Data:

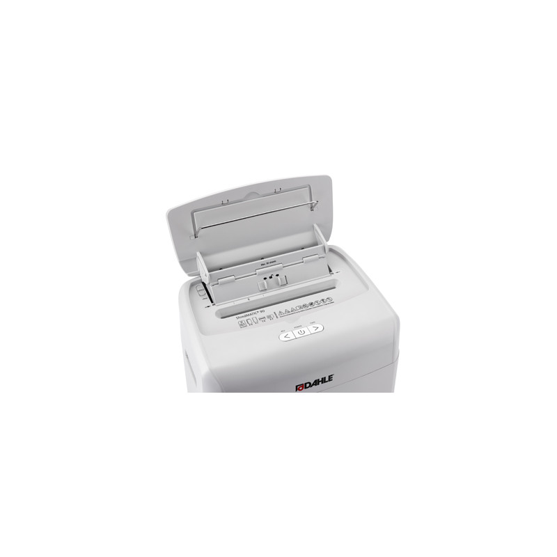 Výkonný skartovač s automatickým podavačem až na 90 listů je ideální pro menší pracovní týmy. Spolehlivě likviduje dokumenty s důvěrnými informacemi, poradí si s drátky ze sešívaček i s platebními kartami a díky příčnému řezu 4 × 12 mm zajišťuje bezpečné zničení materiálů. Nevyžaduje mazání, nabízí indikaci přetížení, přehřátí i plného koše a při manuálním podávání zvládne pracovat až 60 minut v kuse. Bezpečnostní úroveň P-4 / F-1 / T-4 / E-3, NNI 1.
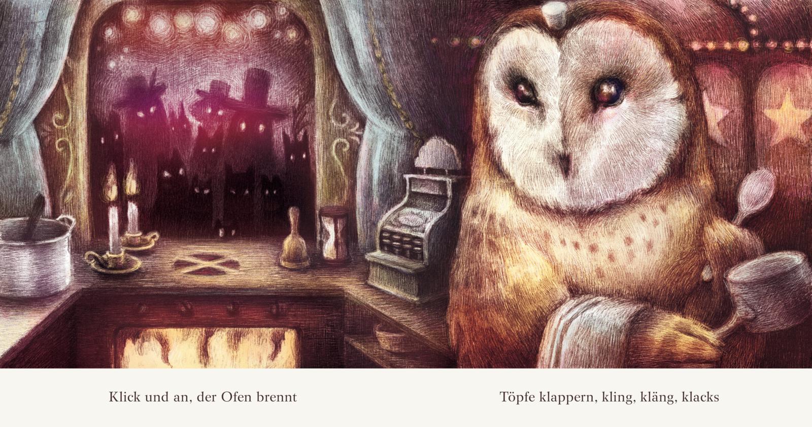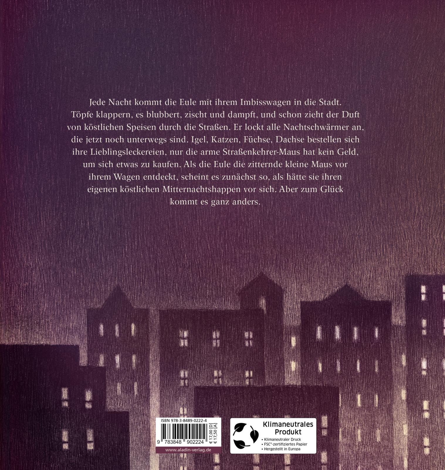 Jede Nacht kommt die Eule mit ihrem Imbisswagen in die Stadt, begleitet vom Klappern, Blubbern, Zischen und Dampfen ihrer Töpfe. Der Duft von köstlichen Speisen lockt alle Nachtschwärmer an, darunter Igel, Katzen, Füchse und Dachse, die sich ihre Lieblingsleckereien bestellen. Nur die arme Straßenkehrer-Maus hat kein Geld, um sich etwas zu kaufen. Als die Eule die zitternde Maus entdeckt, scheint es zunächst so, als hätte sie ihren eigenen köstlichen Mitternachtshappen vor sich. Aber es kommt ganz anders ...
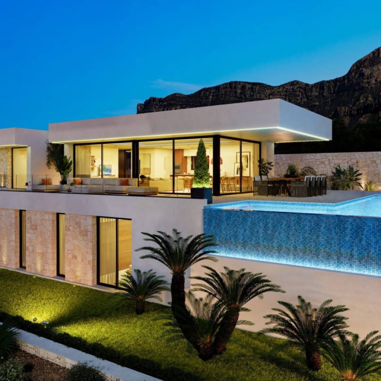 Contemporary villa for sale in Denia, Costa Blanca, Spain A splendid modern style property distributed over two floors. The main floor is uniquely divided into two wings, creating a functional layout and providing a special touch of privacy. On one side is the dining area and kitchen, while on the other are the master bedrooms, connected by a glazed passageway that adds to the villa’s distinctive character. It enjoys panoramic views of the sea and the entire coast of Denia. With 4 bedrooms, 4 bathrooms and 1 guest toilet, the villa offers a cosy and luxurious living space. The spacious terrace floods the interiors with natural light, creating a vibrant and serene atmosphere. Relax by the L-shaped infinity pool, as you immerse yourself in the beauty of the Mediterranean garden that surrounds the property. Villa San Juan redefines modern living with its distinctive design and exceptional amenities. Experience luxury in every corner of this marvellous residence, where contemporary aesthetics meet the charm of the Mediterranean landscape. Features: - Type: Villa- Bedrooms:4- Bathrooms:4- Living Rooms:1- Views: Sea views- Plot:1.600 m2- Open plan kitchen- Built area:322 m2- Terrace:191 m2- Heating: Electric underfloor heating with heat pump- Private swimming pool- Barbecue area- Hot/cold ducted air conditioning- Open terrace- Covered terrace- Parking space- Utility room- Outdoor shower- Garage- East facing Property ID: GH-307772 Price: €1,860,000 Property Size: 322 m2 Land Area: 1600 m2 Bedrooms: 4 Bathrooms: 4 Property Type: Villa Property Status: For Sale
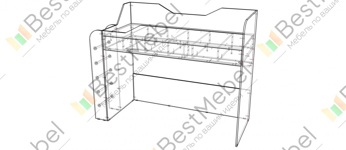 Кровать-чердак детская Ева КР-203 BMS поможет рационально организовать пространство современной детской комнаты. Полноценный сон ребенку подарит комфортное спальное место второго яруса со скругленными защитными бортиками, к которому ведет устойчивая лестница. На первом же, оборудованном книжной полкой, вы сможете разместить письменный стол, дополнительную кровать или обустроить игровую зону. Купить кровать-чердак детскую Ева КР-203 BMS приглашаем в наш интернет-магазин с учетом необходимых параметров.

What is being asked: Please copy out the material above exactly, with the images removed.

Answer:
 Výkonný skartovač s automatickým podavačem až na 90 listů je ideální pro menší pracovní týmy. Spolehlivě likviduje dokumenty s důvěrnými informacemi, poradí si s drátky ze sešívaček i s platebními kartami a díky příčnému řezu 4 × 12 mm zajišťuje bezpečné zničení materiálů. Nevyžaduje mazání, nabízí indikaci přetížení, přehřátí i plného koše a při manuálním podávání zvládne pracovat až 60 minut v kuse. Bezpečnostní úroveň P-4 / F-1 / T-4 / E-3, NNI 1.
 Jede Nacht kommt die Eule mit ihrem Imbisswagen in die Stadt, begleitet vom Klappern, Blubbern, Zischen und Dampfen ihrer Töpfe. Der Duft von köstlichen Speisen lockt alle Nachtschwärmer an, darunter Igel, Katzen, Füchse und Dachse, die sich ihre Lieblingsleckereien bestellen. Nur die arme Straßenkehrer-Maus hat kein Geld, um sich etwas zu kaufen. Als die Eule die zitternde Maus entdeckt, scheint es zunächst so, als hätte sie ihren eigenen köstlichen Mitternachtshappen vor sich. Aber es kommt ganz anders ...
 Contemporary villa for sale in Denia, Costa Blanca, Spain A splendid modern style property distributed over two floors. The main floor is uniquely divided into two wings, creating a functional layout and providing a special touch of privacy. On one side is the dining area and kitchen, while on the other are the master bedrooms, connected by a glazed passageway that adds to the villa’s distinctive character. It enjoys panoramic views of the sea and the entire coast of Denia. With 4 bedrooms, 4 bathrooms and 1 guest toilet, the villa offers a cosy and luxurious living space. The spacious terrace floods the interiors with natural light, creating a vibrant and serene atmosphere. Relax by the L-shaped infinity pool, as you immerse yourself in the beauty of the Mediterranean garden that surrounds the property. Villa San Juan redefines modern living with its distinctive design and exceptional amenities. Experience luxury in every corner of this marvellous residence, where contemporary aesthetics meet the charm of the Mediterranean landscape. Features: - Type: Villa- Bedrooms:4- Bathrooms:4- Living Rooms:1- Views: Sea views- Plot:1.600 m2- Open plan kitchen- Built area:322 m2- Terrace:191 m2- Heating: Electric underfloor heating with heat pump- Private swimming pool- Barbecue area- Hot/cold ducted air conditioning- Open terrace- Covered terrace- Parking space- Utility room- Outdoor shower- Garage- East facing Property ID: GH-307772 Price: €1,860,000 Property Size: 322 m2 Land Area: 1600 m2 Bedrooms: 4 Bathrooms: 4 Property Type: Villa Property Status: For Sale
 Кровать-чердак детская Ева КР-203 BMS поможет рационально организовать пространство современной детской комнаты. Полноценный сон ребенку подарит комфортное спальное место второго яруса со скругленными защитными бортиками, к которому ведет устойчивая лестница. На первом же, оборудованном книжной полкой, вы сможете разместить письменный стол, дополнительную кровать или обустроить игровую зону. Купить кровать-чердак детскую Ева КР-203 BMS приглашаем в наш интернет-магазин с учетом необходимых параметров.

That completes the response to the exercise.